По поводу средств защиты против буржуазного насилия
VII Конгресс Интернационала в Москве также остерегался ясной позиции. Конечно, он провозглашал:“Коммунисты должны взять на себя инициативу создания массовой антифашистской самообороны против нападения фашистских банд, самообороны, составленной из твердых и испытанных элементов движения единого фронта” (16) Но это были лишь слова. Договор 27 июля 1934г. между ФКП и ФСП, в действительности, исключал “систематическое использование насилия”; “массовая самооборона” была предлогом, предоставленным ФКП для того, чтобы противопоставить себя “милиции самообороны”, рассматриваемой в качестве “провокации” как если бы пролетарская самооборона могла обойтись без рабочих отрядов, вооруженных не только партиями, но также и массовыми организациями пролетариата. В
данном случае славная “массовая самооборона” исключала насилие. Таким образом, совершенно спокойно в октябре 1936г. удалось достигнуть разоружения всех партийных милиций путем единодушного голосования за закон, предложенный правым депутатом заведомо связанным с фашистской лигой!Если пример Франции оставался образцовой моделью обширного движения экономической борьбы, без особых трудностей удерживаемой в русле буржуазной политики, пример Испании, напротив, остается моделью восстановления власти государства рукой оппортунизма, и в первую очередь сталинизма. В очередной раз “пути, которые приводят к носкизму”, были пройдены до конца, от июля 1936г. до мая 1937г., до окончательного подавления всех попыток независимой борьбы пролетариата против франкизма.
Все эти факты разоблачают незаменимую роль рабочего оппортунизма в использовании демократических методов, роль, совершенно не признанную всеми левооппортунистическими течениями и сторонниками стихийных действий, которые, в своей основе, являются хвостистами: современная демократия, демократия дряхлого, империалистического капитализма, которая доводит до конца все социальные противоречия не продержалась бы и часа без амортизаторов социальной борьбы, каковыми являются социальный реформизм, постоянные реформы и рабочий оппортунизм. Этот последний стал фундаментальным столпом демократии. Этот правительственный метод, на самом деле, невозможен без контроля над порывами пролетарской борьбы, что предполагает все большее политическое и организационное оформление и перемещает эпицентр буржуазной демократии представительных органов в эпицентр согласия и сотрудничества между общественными классами.
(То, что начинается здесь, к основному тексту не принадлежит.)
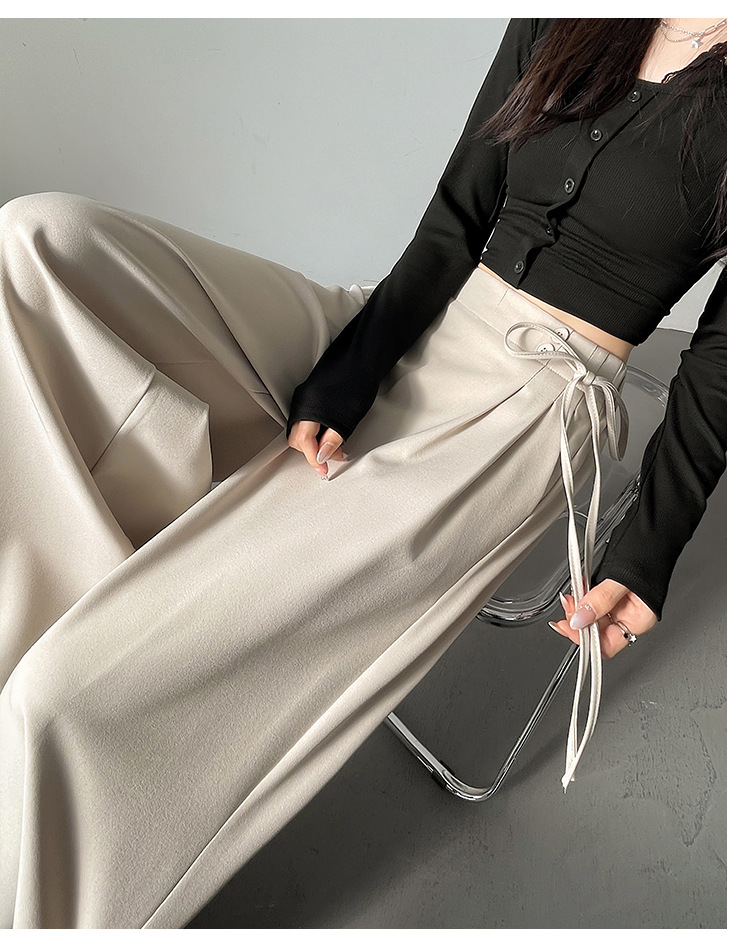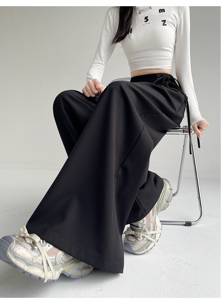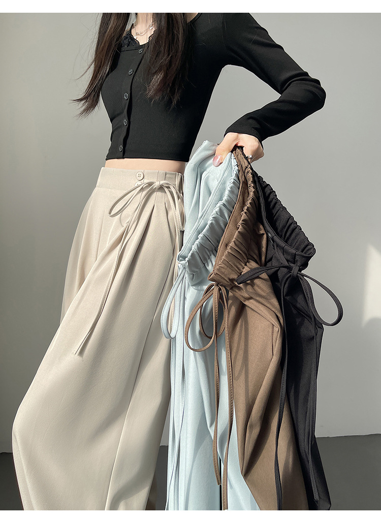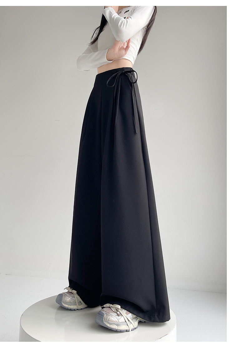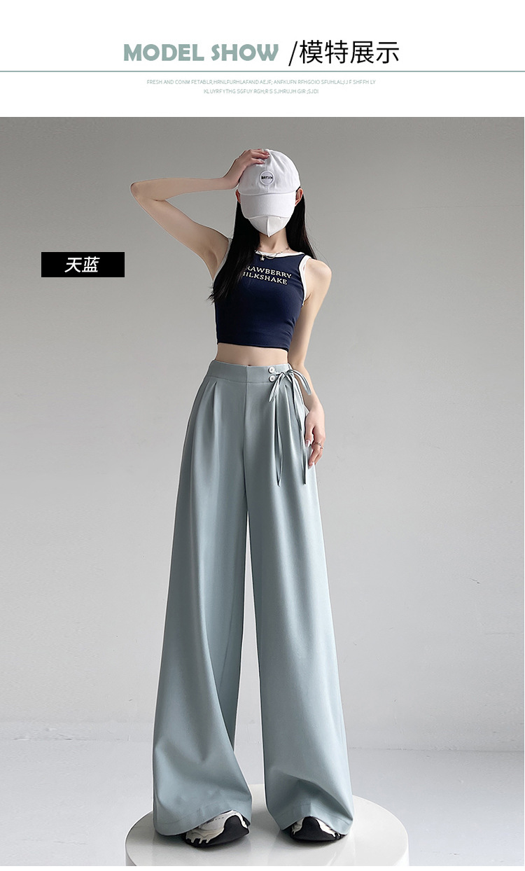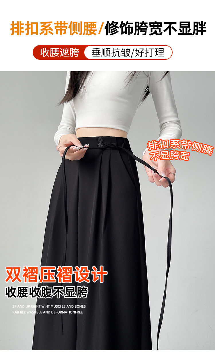 高腰绑带西装裤女春秋小个子高级感垂感直筒宽松休闲拖地阔腿裤子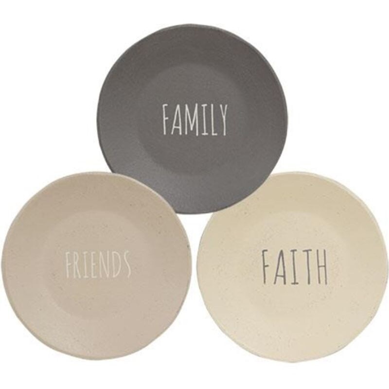 Faith Family Friends Plate 3 Asstd. - 6.25" in diameter.

Вопрос “рабочего единства”
Именно удерживая в уме этот настоящий факт можно понять реальную функцию сталинизма в ходе этого периода и значение, которое приняло в его глазах то, что на
VII Конгрессе в Москве он назвал “единством рабочего класса против фашизма и войны”.В действительности речь шла о том, чтобы придать инстинктивной потребности единства и солидарности, которую чувствуют все рабочие, включающиеся в борьбу, чисто оппортунистическое, буржуазное толкование, которое сталинизм использовал для того, чтобы украсить цвета русской революции и пролетарского интернационализма.
Весь
VII Конгресс проходил под знаком подготовки этих орудий Единства, пересмотренного и откорректированного сталинизмом, т.е. орудий демократического контроля над борьбой пролетариата.Первым предложенным орудием было орудие Единого фронта с социал-демократией, которое, согласно сталинизму, предполагало “переход социал-демократических рабочих на позиции классовой борьбы”. Но так как Конгресс тут же поспешил добавить, что “движение единого фронта во Франции дало пример того, чем на деле должен быть единый фронт” (17), можно считать установленным, если вспомнить пакт ФКП-ФСП от 27 июля 1934г. (18), что эти слова
VII Конгресса были предназначены лишь для того, чтобы прикрыть полный отход на практике от всякой независимой классовой политики и равнение сталинизма на социал-демократию.Второе великое орудие “единства”, задуманное оппортунизмом было Профсоюзное единство, ввиду двойного взгляда на единство как национальных конфедераций, так и слияние Амстердамского Интернационала и Интернационала красных профсоюзов. Традиционная позиция коммунистов, которую сталинисты не осмеливались до этого подвергать сомнению, была в том, что профсоюзное единство не могло быть реализовано без права на создание фракций. Это позиция фигурировала среди требований сталинистов еще в конце 1934г. Но
VII Конгресс о ней больше не говорил: он ее уже проглотил. И фактически воссоединение осуществилось во Франции в начале 1936г. ликвидацией остатков УВКТ: это передало ее кадры бюрократии Жуо, который сохранил политическую инициативу в своих действиях (19).VII
Конгресс хорошо иллюстрирует всю мистификацию сталинизма, Его искусство состоит в том, чтобы трансформировать верное требование, такое как требование единого фронта борьбы всех эксплуатируемых против наступления на условия их жизни, в его противоположность, требование политической комбинации с партиями, от которых пролетарии никогда не смогут ожидать никакой реальной защиты. Параллельно с этим сталинизм исходит из справедливого требования единого руководящего органа революционной борьбы для того, чтобы трансформировать его в прямо противоположное требование союза с партиями, о которых коммунисты знали, что от них они могут ожидать лишь саботаж революционной подготовки и самой революции. В первом случае, как и во втором, его единственной целью является удушение классовой борьбы для того, чтобы затянуть пролетариат в болото эгалитарного и ура-патриотического демократизма.Условий, представленных
VII Конгрессом для слияния с социал-демократией, было пять:“Это объединение возможно только:
Во-первых, при условии полной независимости по отношению к буржуазии полного разрыва блока социал-демократии с буржуазией;
Во-вторых, при условии предварительной реализации единства действий;
В-третьих, при условии признания необходимости революционного свержения господства буржуазии и установления диктатуры пролетариата в форме Советов;
В-четвертых, при условии отказа от поддержки своей буржуазии в империалистической войне;
В-пятых, при условии построения партии на основе демократического централизма, который гарантирует единство воли и действия, и который был подтвержден опытом русских большевиков”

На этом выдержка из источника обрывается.